Evidence of Big Bang discovered

Cleaver
Physics Department - Professor Gerald (Jerry) Clever
Physics Department – Professor Gerald (Jerry) Clever

By Katdie Norton
Reporter

Scientists have ridden gravitational waves to understand the Big Bang better.

A group of scientists discovered on March 17 more evidence favoring the Big Bang Theory and also supporting a theory posed in the 1980s called inflation.

“Primordial gravitational waves (PGWs) were created around 10-36 seconds after the Big Bang — the earliest signs so far that we can see,” said, Dr. Anzhong Wang, a professor in the physics department.
Wang said 10-36 seconds is about a trillionth of a trillionth of a trillionth of a second, and in that time, our universe expanded exponentially.

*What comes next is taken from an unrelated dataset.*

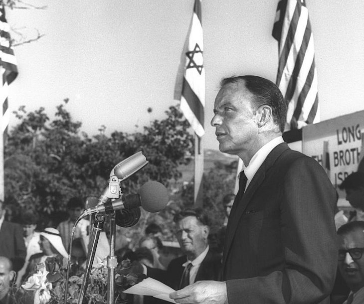 Frank Sinatra helped Teddy Kollek in 1948 transfer money to a ship full of munitions for Israel. Kollek, then a member of the Haganah, knew he was being watched by the FBI, so he couldn't risk going near the vessel with the funds. Kollek went to Sinatra's bar in New York, and when he ran into the singer, he divulged his mission. Sinatra came to Kollek's aid; he left the club's back door with a paper bag full of the money and brought it to the pier.
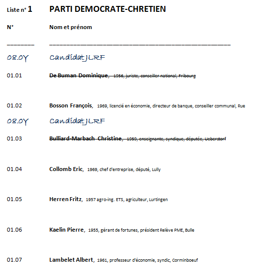 Si la liste 8 (ou une autre) ne vous plait pas telle quelle, ou si vous n’êtes pas libéral radical mais voulez tout de même soutenir un de nos candidats, vous pouvez panacher. Vous devrez dans ce cas biffer le (ou les) candidats qui ne vous plaisent pas (ou moins) et inscrire le nom d’un candidat JLRF, en toute lettre et à la main. Vous avez le droit de cumuler, soit de l’inscrire deux fois, au maximum. Attention, la liste ne doit pas compter plus de 7 noms. Voici un exemple (notez qu’en suivant cet exemple, vous donnez 5 suffrages de parti au PDC, 2 aux JLRF):

These PGWs were measured by Background Imaging of Cosmic Extragalactic Polarization 2 (BICEP2), a telescope mounted at the South Pole.

“What BICEP2 observed are the imprints of PGWs on the CMB,” Wang said.

According to Wang, the Cosmic Microwave Background was formed 380,000 years after the Big Bang, and until now, this was as far back that scientists could see. These PGWs seen by the BICEP2 telescope are an imprint, similar to an image being burned into a screen.

What exactly does this prove?

Dr. Gerald Cleaver, a professor of physics, said before the Big Bang, photons (light particles) were traveling back and forth between positively charged nuclei and negatively charged electrons within a millimeter of space. Then the overall temperature of that tiny space lowered enough that the positive and negative particles formed together into whole atoms.

When the atoms were created, the photons were freed from their millimeter of space and they carried with them the effects that gravity had on them while they were confined.

Within less than a trillionth of a second from a millimeter of space, the universe expanded and the photons’ gravitational waves left their imprint.

This exponentially rapid expansion of the universe is inflation.

Cleaver said the gravitational waves are assumed to have had an effect on the polarization of the light particles that escaped and this is what BICEP2 captured and analyzed.

“The polarization isn’t the direction the photons are moving,” Cleaver said. “It’s the direction of the electric field of the photons.”

Cleaver said photons move throughout space because they are creating both an electric field and a magnetic field at the same time, and this moves them in straight lines called E-Modes, which is not what BICEP2 found.

According to BICEP2’s release papers, gravitational waves from inflation generate a faint but distinctive twisting pattern in the polarization of the CMB, known as a “curl” or B-mode pattern. This B-mode pattern is what the satellite captured.

Cleaver said this discovery might also prove that if our universe can expand like this, other universes beyond ours might have as well.

“The probability of having the conditions to produce [inflation] for one universe is small if you assume that is the only universe that it happened to,” Cleaver said. “Now that we have evidence of inflation of our universe that really implies that there is some much more fundamental area of space time out of which universes inflate in a vast uncountable number.”

Cleaver said the best example is boiling water where the water is space time and the bubbles are universes. The bubbles continue to pop up everywhere and inflate like ours.

What happens next?

All new scientific discoveries fall under scrutiny and have to be proven by another source as well, and the discovery of the PGWs is no different.

“Further confirmations are needed,” Wang said. “Because there are two other main sources produce B-Modes: galaxies and dust among space.”

Wang said between the CMB and Earth are galaxies and space dust that, when you look through them, could distort the way the gravitational waves look, just like looking at something through water.

“BICEP2 claimed that what they observed cannot be explained by the galaxies or dust,” Wang said.

In 2009, the European Space Agency launched a satellite called Planck to gather data, some of which could disprove or confirm this discovery.

Although the original date for the release of this data was set for March, the world has to wait until July to find out whether or not the discovery of the B-Mode Primordial Gravitational Waves is proven.

If this is proven then Wang, Cleaver and a host of other scientists, current and future, from Baylor and all over the world will have plenty of work ahead of them.